A repercussão foi tamanha que Getúlio, apenas 19 dias depois do atentado, admitia se licenciar do cargo até que tudo estivesse calmo. Pressionado a renunciar, optou por uma saída dramática: suicídio. Os cinco que planejaram ou participaram do atentado a Lacerda foram todos condenados e cumpriram as penas. 63 anos depois...

Manhã de quarta-feira, 15 de novembro de 2017, também no Rio de Janeiro: uma dupla segue o carro do coronel reformado da Aeronáutica Ialdo Pimentel, que estava acompanhado da esposa. No túnel Marcello Alencar, na zona portuária, interceptam e matam o militar, e somem.

A Polícia diz que ainda não sabe se foi tentativa de assalto ou execução, nem identificou o assassino do coronel-aviador, que mesmo reformado trabalhava no Centro de Computação da Aeronáutica. Em comum, os dois casos têm como vítimas oficiais de alta patente da Aeronáutica, mas enquanto o de 1954 foi rapidamente elucidado, o atual tem tudo para virar apenas uma estatística.

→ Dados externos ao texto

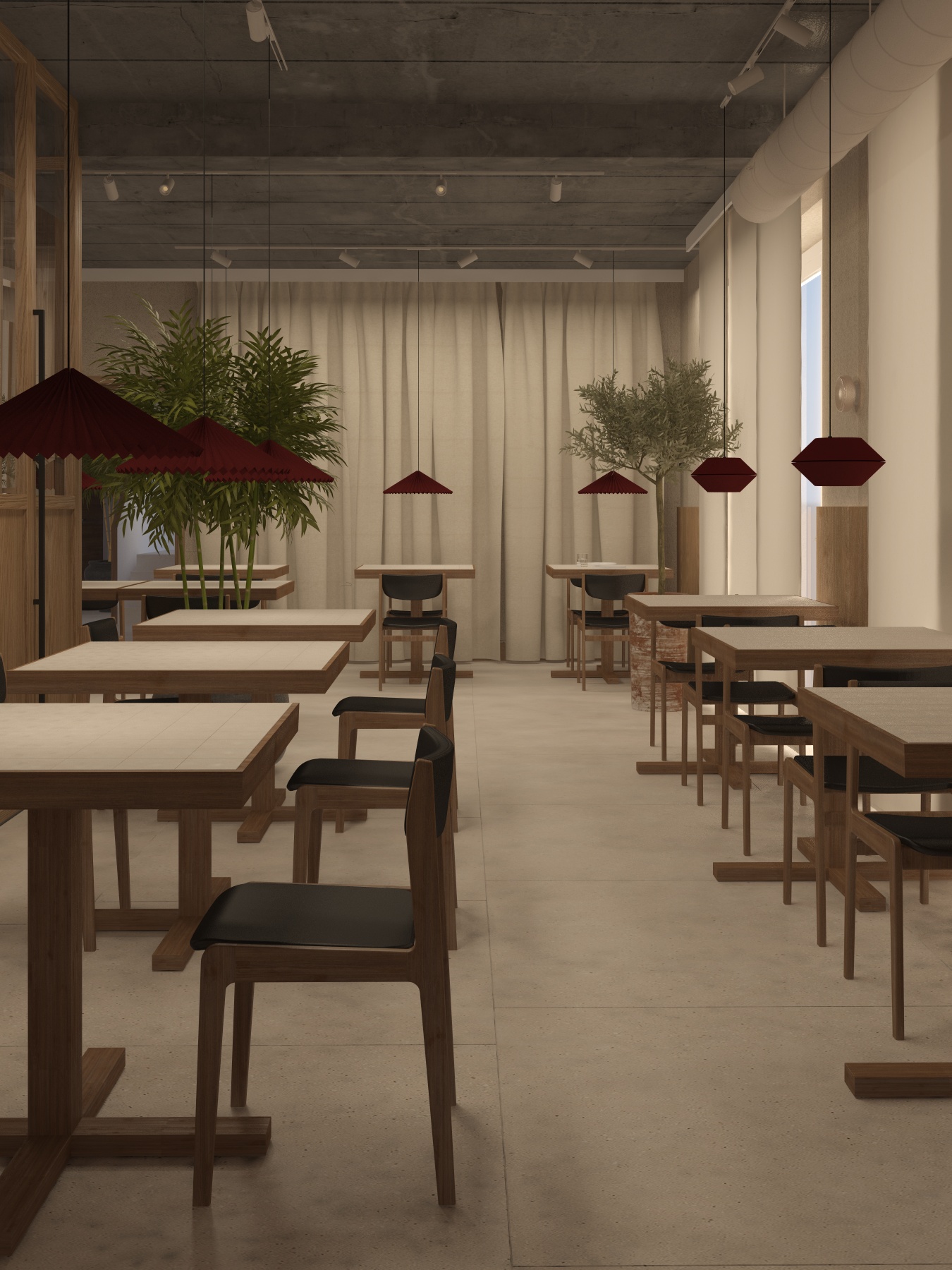 enhance the realism of this architectural visualization without changing any materials colors textures finishes furniture layout proportions or design elements keep all existing materials and color tones exactly as they are improve photorealism by refining natural lighting global illumination soft shadows subtle reflections accurate light bounce and realistic exposure add physically accurate light behavior micro contrast depth and subtle imperfections very delicate surface irregularities fine texture detail while preserving the original look improve realism through physically correct daylight simulation soft contact shadows realistic ambient occlusion subtle material roughness refinement without altering material type or color enhanced depth of field very subtle natural cinematic but natural color grading no color shift high dynamic range lighting do not redesign restyle recolor replace materials or modify objects maintain the exact same design only increase realism and photographic quality output should look like a professional architectural photograph ultra realistic natural balanced high end visualization scene is iluminated by artificial light behinde curtain in the front there is a wall there is no window behind the curtain do not change texture of the floor tabletop is made from small 10x10 cm tile

O crime do coronel-aviador pode não ser político, mas é resultado de políticas que privilegiam tudo, menos valores sólidos. Que brasileiro já não acompanhou, por telejornais, supostos tiroteios entre policiais e bandidos no Rio? Digo supostos, porque as únicas vítimas desses confrontos não estão entre os lados armados, mas são as atingidas por balas perdidas.

A “ineficiência” da Polícia do Rio foi exposta pelo Exército, cujos atiradores conseguiram acertar os traficantes no Complexo do Salgueiro, após serem recebidos à bala. Por isso, houve comoção. E atendendo a regra do politicamente correto, as manchetes anunciam “jovens mortos” e não “traficantes mortos”. Porte de arma de fogo de uso restrito das Forças Armadas passou a ser “crime hediondo”.

Quem já foi preso para servir de exemplo? Que brasileiro não se sente envergonhado quando, ao sediar um GP de Fórmula 1, o País vira manchete mundial não pelo que ocorreu na pista, mas por duas equipes participantes terem sido assaltadas? Estamos convivendo com um modelo que reformula o conceito de família, que é cúmplice das drogas, que rejeita os princípios religiosos, que desarma o cidadão - e não o bandido. Ao mesmo tempo, indefesos, assistimos ao extermínio da confiança no poder público de assegurar a paz prometida. Até quando estaremos pacientemente aguardando por soluções supostamente democráticas? Até quando?